Tour Magazin
· 25.07.2025
My favourite stage of this Tour de France - on an incredibly difficult route with three mountain classifications: A large part of the day's route leads uphill - including the mountain finish in La Plagne. Today will be a day that could turn everything upside down - a nightmare par excellence for the sprinters.
This will be a stage in which there will be no group ghetto and everyone will try to fight their way through on their own to stay within the time limit. And the team wearing the yellow jersey will either have to be very strong today or ride very cleverly! Because with almost 3000 kilometres of racing in their legs, riders can "explode" spectacularly today, and entire teams can "smoke themselves out", as they say in racing jargon.

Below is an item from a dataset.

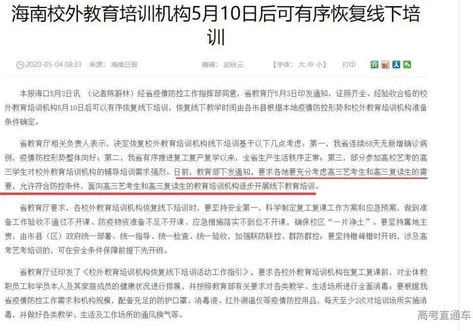 日前,教育部下发通知,要求各地要充分考虑高三艺考生和高三复读生的需要,允许符合防控条件,面向高三艺考生和高三复读生的教育培训机构逐步开展线下教育培训。

It will be a dangerous day for all those wearing the classification jerseys. Today is one of the rare days when EVERYONE will warm up on the rollers before the start! It's all ups and downs over the Col du Pré (HC) and the Cormet de Roselend (2nd cat.) and then into the 19-kilometre finale to the summit of La Plagne (HC) at 2069 metres. I call this an honest day: everyone has to lay their cards on the table. Hiding or cleverness won't help today - only performance counts.

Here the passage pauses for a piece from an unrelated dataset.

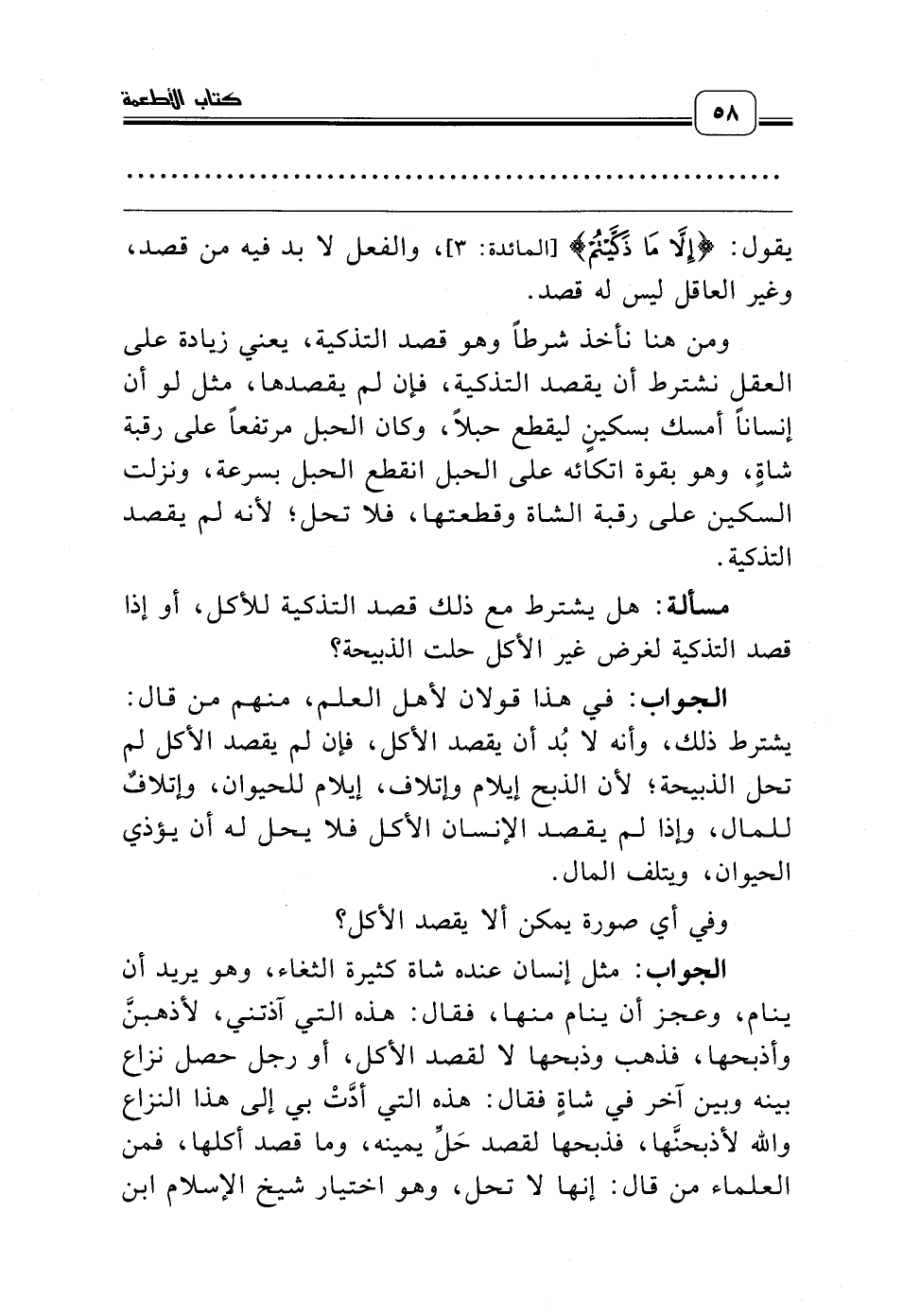 ومن هنا نأخذ شرطاً وهو قصد التذكية، يعني زيادة على العقل نشترط أن يقصد التذكية، فإن لم يقصدها، مثل لو أن إنساناً أمسك بسكينٍ ليقطع حبلاً، وكان الحبل مرتفعاً على رقبة شاةٍ، وهو بقوة اتكائه على الحبل انقطع الحبل بسرعة، ونزلت السكين على رقبة الشاة وقطعتها، فلا تحل؛ لأنه لم يقصد التذكية.

Nobody in the German-speaking world knows the Tour de France better: Jens Voigt competed as a professional in the most important cycling race a total of 17 times between 1998 and 2014. Only the Frenchman Sylvain Chavanel, the current record holder, has managed one more participation. Voigt knows the race from the perspective of the winner and the tireless helper in the team. He won two stages himself and wore the yellow jersey for one day each in 2001 and 2005. In 2010, as a team-mate in Team Saxo Bank, he accompanied Luxembourg's Andy Schleck to his overall victory (after the doping disqualification of Alberto Contador, who initially came first; editor's note). The 53-year-old Berliner currently works as a brand ambassador for the bike manufacturer Trek and as a pundit for the Eurosport channel.

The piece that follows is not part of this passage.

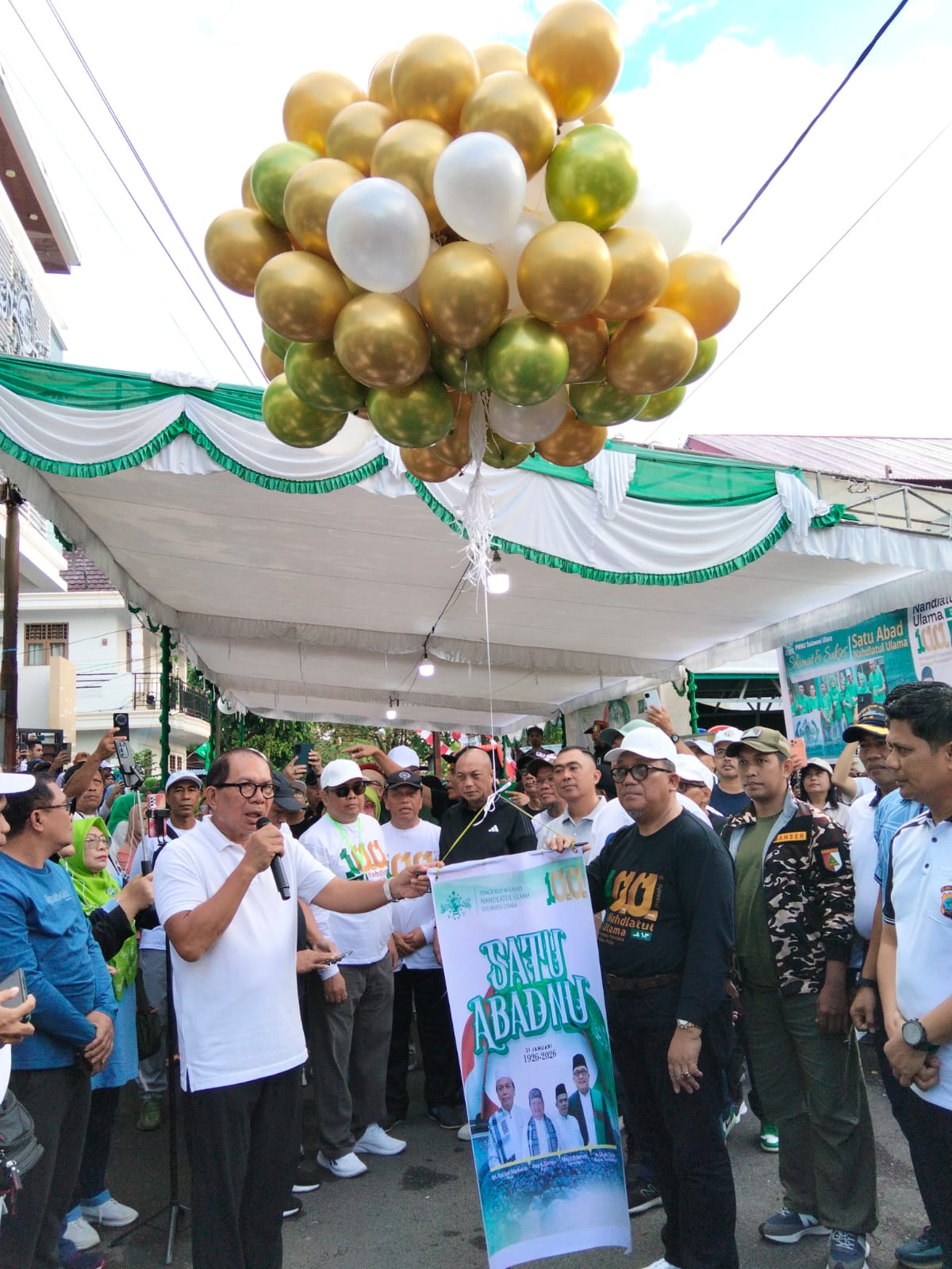 Jalan sehat yang mengambil Start didepan kantor PWNU SULUT, tepat pukul 07.00 ditandai dengan melepas balon warna warni oleh Gubernur Sulut yang diwakili Kadis PMD Darwin Muksin.

For TOUR readers, the former pro gives his predictions for the course of the 21 stages, points out difficulties and things worth seeing. For each day's stage, he gives a tip on what role the course could play in the final standings in the individual classifications in Paris. If three of the jerseys are coloured, this means that this day could be decisive for this classification - i.e. overall classification (yellow), sprint/points classification (green) and classification of the best climber (red dotted jersey). We also give you the broadcast times of the TV channels in Germany (ARD and Eurosport) and their live streams - plus tips on when it might be particularly worth tuning in.